Diversified Nordic property companies and German residential operators are Green Street Advisors’ favored sectors in Continental Europe.

Green Street Advisors expects London to shed about 40,000 financial services jobs over the next five to seven years as a result of companies losing their automatic passporting rights to the EU Single Market. The City of London and Docklands office markets are likely to be the hardest hit by the migration of certain services and companies to other EU countries, although this will be largely offset by the diversified occupier market in London – notably strong take-up by the creative and technology sectors, -- Green Street Advisors researchers said.

REITs are slowing the Central London office development pipeline, meaning that although vacancy rates in the City of London will probably rise to about 9.7% in 2019 from 5.8% at the end of the first half of 2017, they are likely to then start receding. Prime City of London rents will fall about 15% to about £60 a square foot, Green Street Advisors estimates, which predicts more modest falls in the West End office market.

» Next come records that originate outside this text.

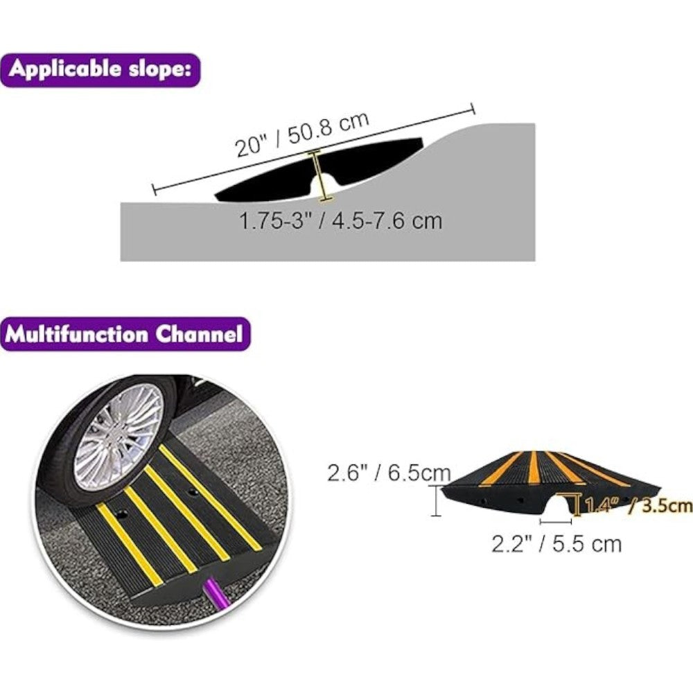 80mm Rubber Kerb Ramp with Reflective Safety Strips – Non-Slip & Heavy Duty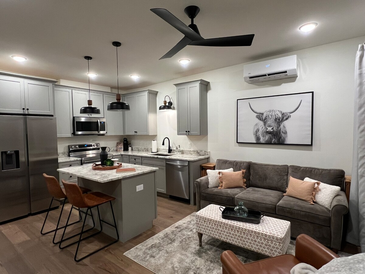 Dobro došli u svoj novouređeni jednosobni dom! Ovo elegantno utočište ima prostrani bračni krevet i udoban kauč na izvlačenje sa nadmadracem za dodatnu udobnost. Blistava kuhinja se može pohvaliti potpuno novim uređajima, savršenim za kulinarske avanture. Izađite na privatno zadnje dvorište, zajedno sa samostalnim šporetom za tople i opuštene večeri. Osim toga, uživajte u udobnosti boravka u pješačkoj udaljenosti do živahnog centra grada. Vaš idealan dom vas čeka!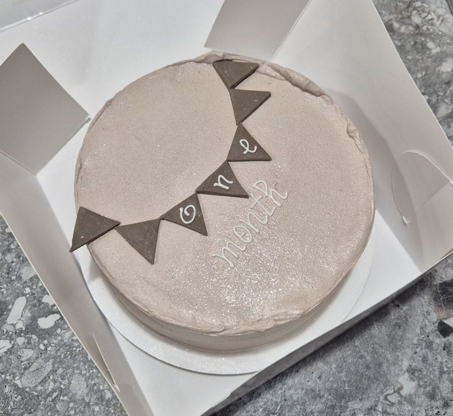Tort bento special pentru prima lună de viață, cu ghirlandă roz pal „1 MONTH” pe cremă bej lucios, de Emys Cakes cu umpluturi bento. Perfect pentru părinți din Chișinău care sărbătoresc micuțul.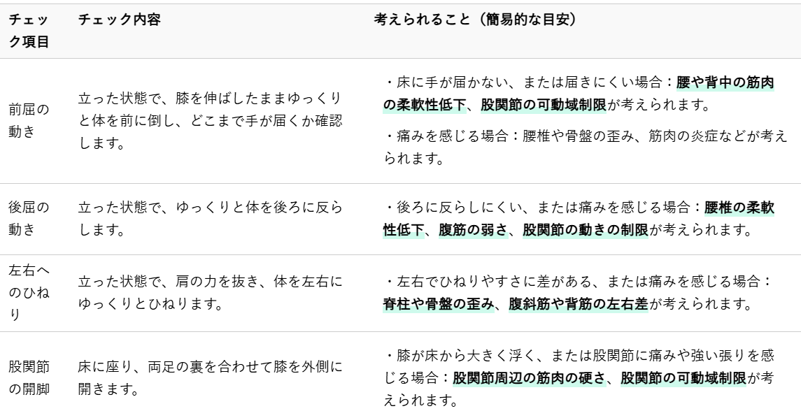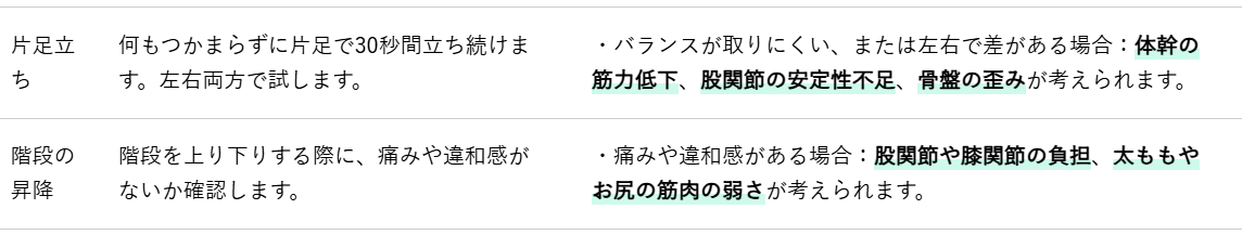 ご自身の腰や股関節の状態を把握するために、自宅で簡単にできるチェック項目をご紹介します。これらのチェックはあくまで簡易的なものであり、診断に代わるものではありませんが、ご自身の体の変化に気づくきっかけとして活用してください。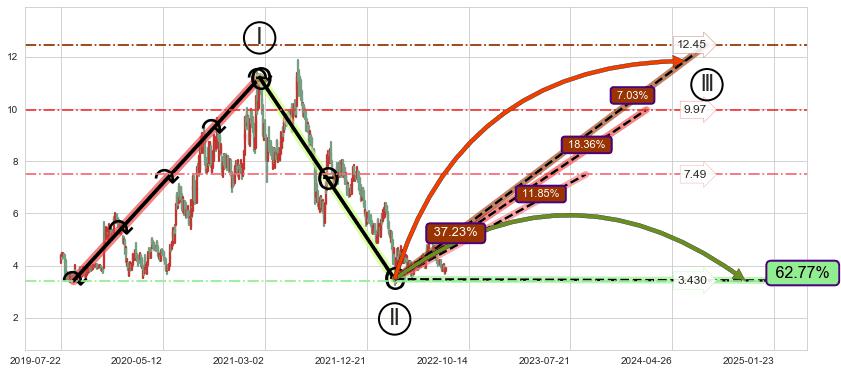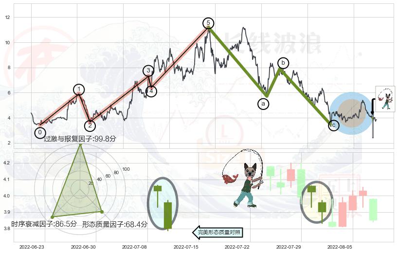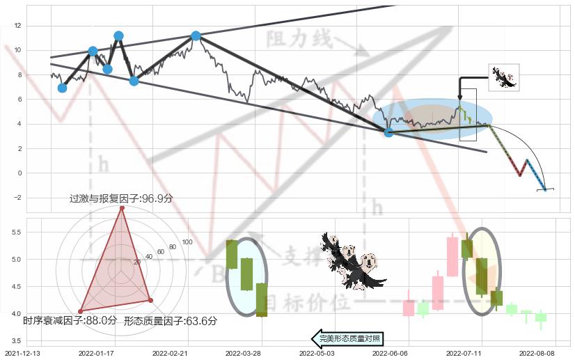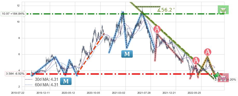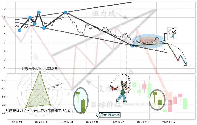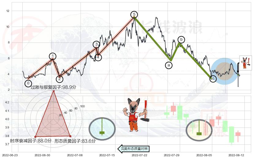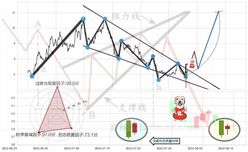 ♘ 支撑价格位3.584,可信任强度88.09%,距离最后交易2022-08-12形成的收盘价格3.850相差 -6.92%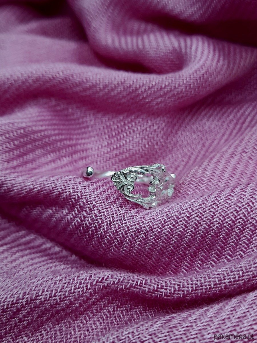 Pierścionek wykonałam ze srebra próby 925. Jest on otwarty, dzięki czemu możesz go delikatnie rozgiąć, lub zacisnąć, by zmienić rozmiar.

Papadakos concluded: “Europe’s yield compression story is largely over, so the returns from real estate will be lower than for the past three years. Assuming interest rates remain at current levels, we’re in a pretty benign environment and there are no red flags in terms of real estate pricing. We expect property values to stabilize or rise in Continental Europe, while in the U.K. they will stabilize or fall. Broadly, property values have a sufficient cushion to absorb higher interest rates, the fundamentals are still favorable for most real estate investment and the asset class remains attractive for income-hungry investors.”